> [Data shown]:
▼
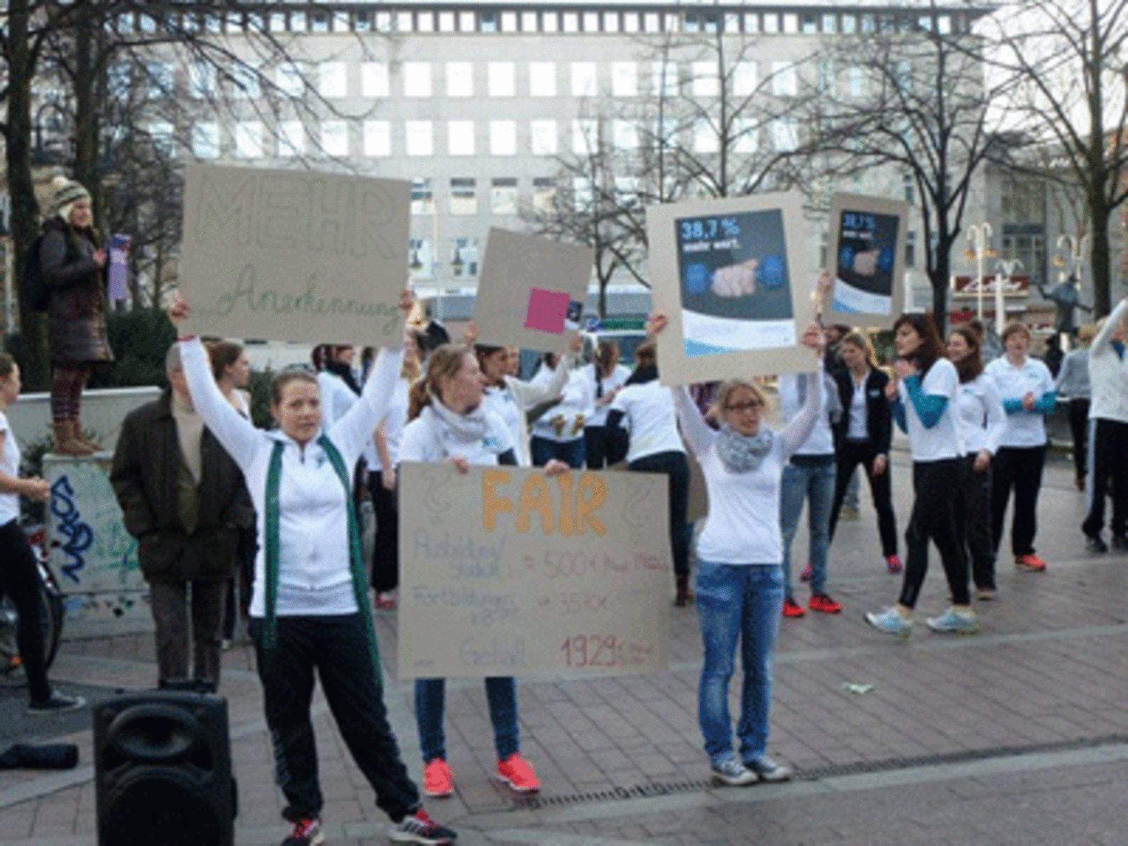 Ob in Hamburg, Berlin, München oder Bochum – der lautstarke Protest der jungen Physios gegen die ungerechte Bezahlung in ihrem Beruf war nicht zu überhören. Ausgerüstet mit Transparenten, Megaphon und Kampagnenflyern machten sie Passanten auf die aktuelle Kampagne "38,7 % mehr wert." aufmerksam und klärten über die drohende Unterversorgung in der Physiotherapie auf. Auch in Frankfurt, München und Reutlingen protestierten die Nachwuchskräfte gegen die rückläufige Lohnentwicklung in der Physiotherapie.
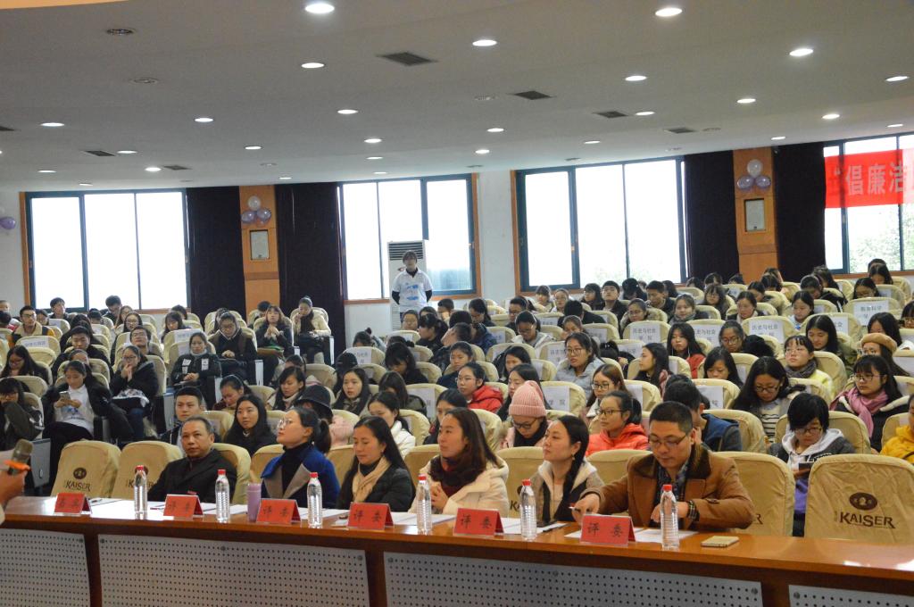 为响应党的十九大反腐倡廉号召,迎接“12.9”国际反腐败日,营造廉洁的校园风气,提高大学生思想道德修养。2017年12月7日,由中共重庆师范大学纪律检查委员会主办、共青团重庆师范大学委员会协办、重庆师范大学马克思主义学院三春湖廉风学社承办。“倡廉洁风气,扬中华精神”廉洁演讲比赛决赛在弘德楼凯撒报告厅举行。本次活动特邀校团委书记毛霞,监察处副处长彭林,国际汉语文化教育管理办公室副主任左金隆,外国语学院党委副书记、纪委书记钟敏,音乐学院党委副书记、纪委书记文琪,纪委监察处正科级纪检监察员、三春湖廉风学社指导老师戴杰担任本次活动的评委。
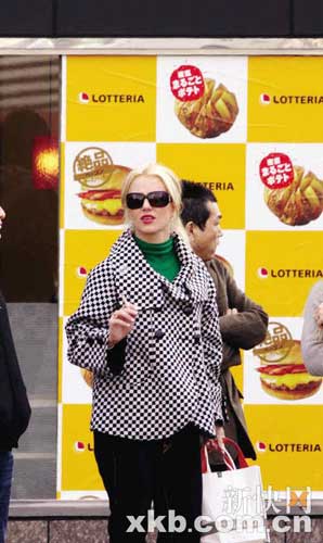 在保鏢和助理的陪同下,布蘭妮花了一個(gè)上午的時(shí)間,在東京著名的原宿(Harajuku)購(gòu)物大血拼。她身穿一件塔形的黑白格上衣,也因此顯得腹部高隆,很是令人生疑。也許她自認(rèn)在東京并無(wú)人認(rèn)識(shí),于是暢快地吸著煙,還先后去了某家以“盜版”知名品牌出名的平價(jià)服裝店以及日式的麥當(dāng)勞—— LOTTERIA快餐店。此行,也許讓這位27歲的瘋狂女王再次暢快地玩了一回。
▲
> [Exercise prompt]: Please copy out each line above exactly as written, but not the pictures.

> [Solution for this task]:
 Ob in Hamburg, Berlin, München oder Bochum – der lautstarke Protest der jungen Physios gegen die ungerechte Bezahlung in ihrem Beruf war nicht zu überhören. Ausgerüstet mit Transparenten, Megaphon und Kampagnenflyern machten sie Passanten auf die aktuelle Kampagne "38,7 % mehr wert." aufmerksam und klärten über die drohende Unterversorgung in der Physiotherapie auf. Auch in Frankfurt, München und Reutlingen protestierten die Nachwuchskräfte gegen die rückläufige Lohnentwicklung in der Physiotherapie.
 为响应党的十九大反腐倡廉号召,迎接“12.9”国际反腐败日,营造廉洁的校园风气,提高大学生思想道德修养。2017年12月7日,由中共重庆师范大学纪律检查委员会主办、共青团重庆师范大学委员会协办、重庆师范大学马克思主义学院三春湖廉风学社承办。“倡廉洁风气,扬中华精神”廉洁演讲比赛决赛在弘德楼凯撒报告厅举行。本次活动特邀校团委书记毛霞,监察处副处长彭林,国际汉语文化教育管理办公室副主任左金隆,外国语学院党委副书记、纪委书记钟敏,音乐学院党委副书记、纪委书记文琪,纪委监察处正科级纪检监察员、三春湖廉风学社指导老师戴杰担任本次活动的评委。
 在保鏢和助理的陪同下,布蘭妮花了一個(gè)上午的時(shí)間,在東京著名的原宿(Harajuku)購(gòu)物大血拼。她身穿一件塔形的黑白格上衣,也因此顯得腹部高隆,很是令人生疑。也許她自認(rèn)在東京并無(wú)人認(rèn)識(shí),于是暢快地吸著煙,還先后去了某家以“盜版”知名品牌出名的平價(jià)服裝店以及日式的麥當(dāng)勞—— LOTTERIA快餐店。此行,也許讓這位27歲的瘋狂女王再次暢快地玩了一回。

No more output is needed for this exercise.